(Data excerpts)
━━━
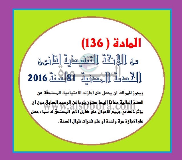 ننشر المادة 136 من اللائحة التنفيذية لقانون الخدمة المدنية بشأن استحقاق الموظف الحصول على اجازته الاعتيادية للسنة المالية مضافا اليها 60 يوما.. مستند
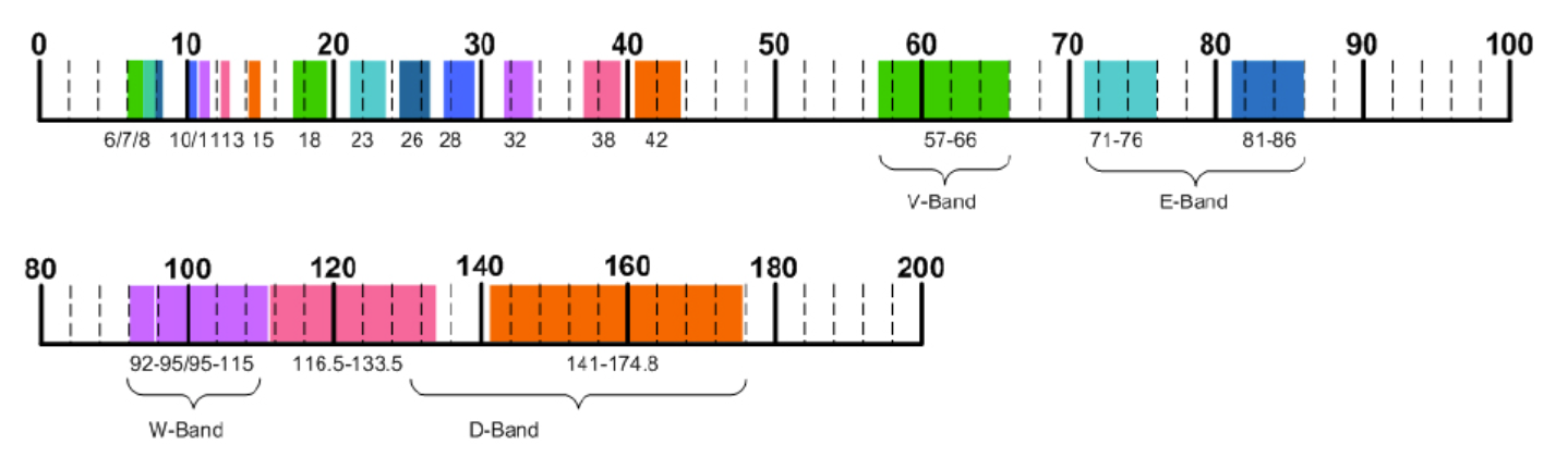 - Urban Areas: required bandwidth is a key challenge as for TDD-band deployment requires a bandwidth between 50-200 Gbps, calling for D-Band. D-band refers to the frequency range from 130 to 175 GHz.
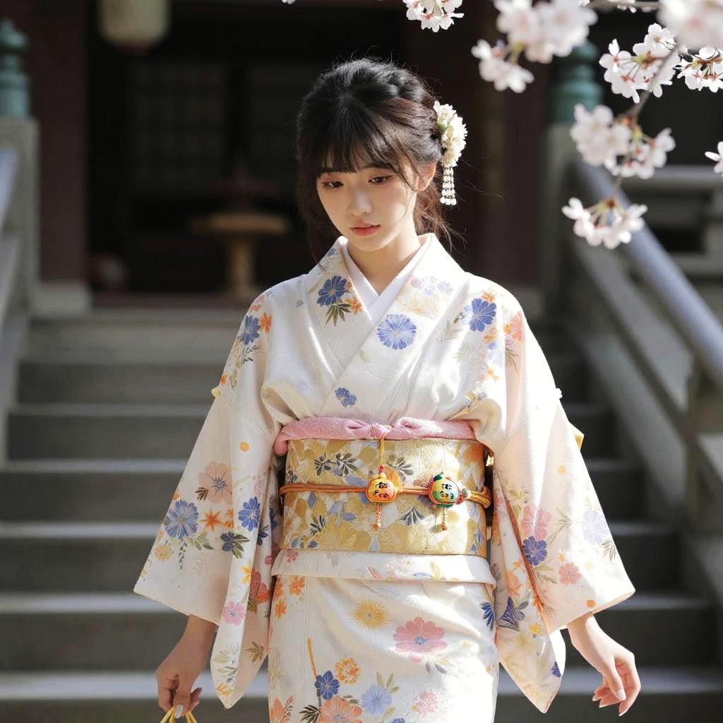 (masterpiece:1.2), photorealistic, best quality, beautiful lighting, real life, 1girl, natural makeup, walking on stairs, shire, temple, flowers, bamboo, flowerly yukata, lucky charm, traditional hair ornament, spring, ultra detailed face, ultra detailed eyes, perfect fingers, perfect nails, intricate, high detail, sharp focus, dramatic, beautiful girl, (RAW photo, 8k uhd, film grain), caustics, subsurface scattering, reflections
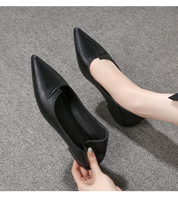 스튜어디스 부드러운 밑창 전문 작업 신발 여성 검은 가죽 신발 오래 서 피곤하지 않은 발 부드러운 가죽 포인팅 싱글 레이어 신발 여성용 플랫 솔
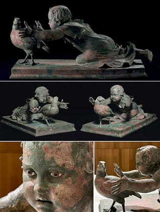 These two bronze sculptures date from the beginning of the Roman imperial era, somewhere in the first century AD. They show toddler girls trying to catch a partridge. Or possibly a pigeon?
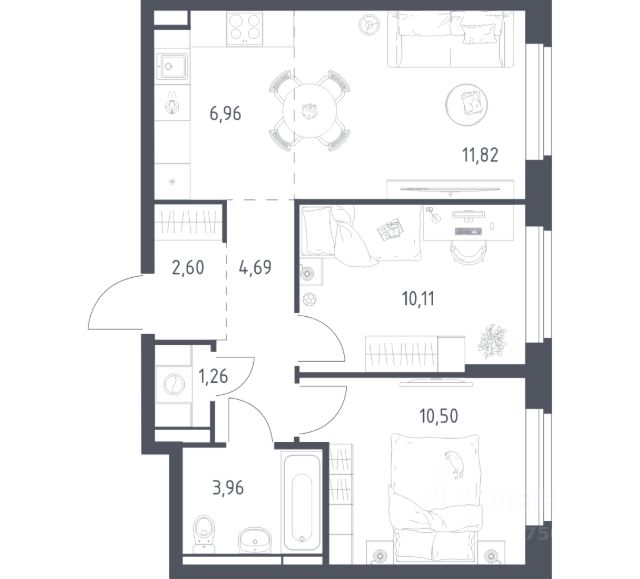 В продаже 2-комнатная квартира в корпусе 8.2 ЖК 'Горки Парк'. Квартира располагается на 7 этаже, общая площадь 59.07 м2.
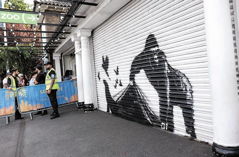 refugiados o el destino de los palestinos. Para el periódico dominical The Observer, el objetivo era levantar el ánimo del público en un período en el que las noticias son sombrías. Varias obras de Banksy se vendieron en subastas por millones de dólares. El jueves, unos hombres enmascarados fueron filmados apoderándose de una antena parabólica en la que el artista acababa de pintar un lobo aullando. Unos obreros desmontaron el sábado entre abucheos el panel con el gato, explicando que fueron enviados debido al gran tráfico
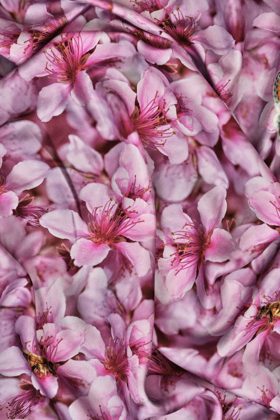 Italian 100% silk twill fabric with a motif of pink flowers and insects. A clear pattern that looks like a photograph with regularly repeating butterflies and wasps. The fabric is light, opaque, non-elastic, finished with a delicate shine. An interesting proposition from which you can conjure up a shirt, dress, skirt or blouse.
━━━
## EXERCISE INSTRUCTIONS
From the line containing "These two bronze" down to the final line of the records above, restate every line word for word, add nothing, and skip the pictures.

## THE COMPLETED TASK
 These two bronze sculptures date from the beginning of the Roman imperial era, somewhere in the first century AD. They show toddler girls trying to catch a partridge. Or possibly a pigeon?
 В продаже 2-комнатная квартира в корпусе 8.2 ЖК 'Горки Парк'. Квартира располагается на 7 этаже, общая площадь 59.07 м2.
 refugiados o el destino de los palestinos. Para el periódico dominical The Observer, el objetivo era levantar el ánimo del público en un período en el que las noticias son sombrías. Varias obras de Banksy se vendieron en subastas por millones de dólares. El jueves, unos hombres enmascarados fueron filmados apoderándose de una antena parabólica en la que el artista acababa de pintar un lobo aullando. Unos obreros desmontaron el sábado entre abucheos el panel con el gato, explicando que fueron enviados debido al gran tráfico
 Italian 100% silk twill fabric with a motif of pink flowers and insects. A clear pattern that looks like a photograph with regularly repeating butterflies and wasps. The fabric is light, opaque, non-elastic, finished with a delicate shine. An interesting proposition from which you can conjure up a shirt, dress, skirt or blouse.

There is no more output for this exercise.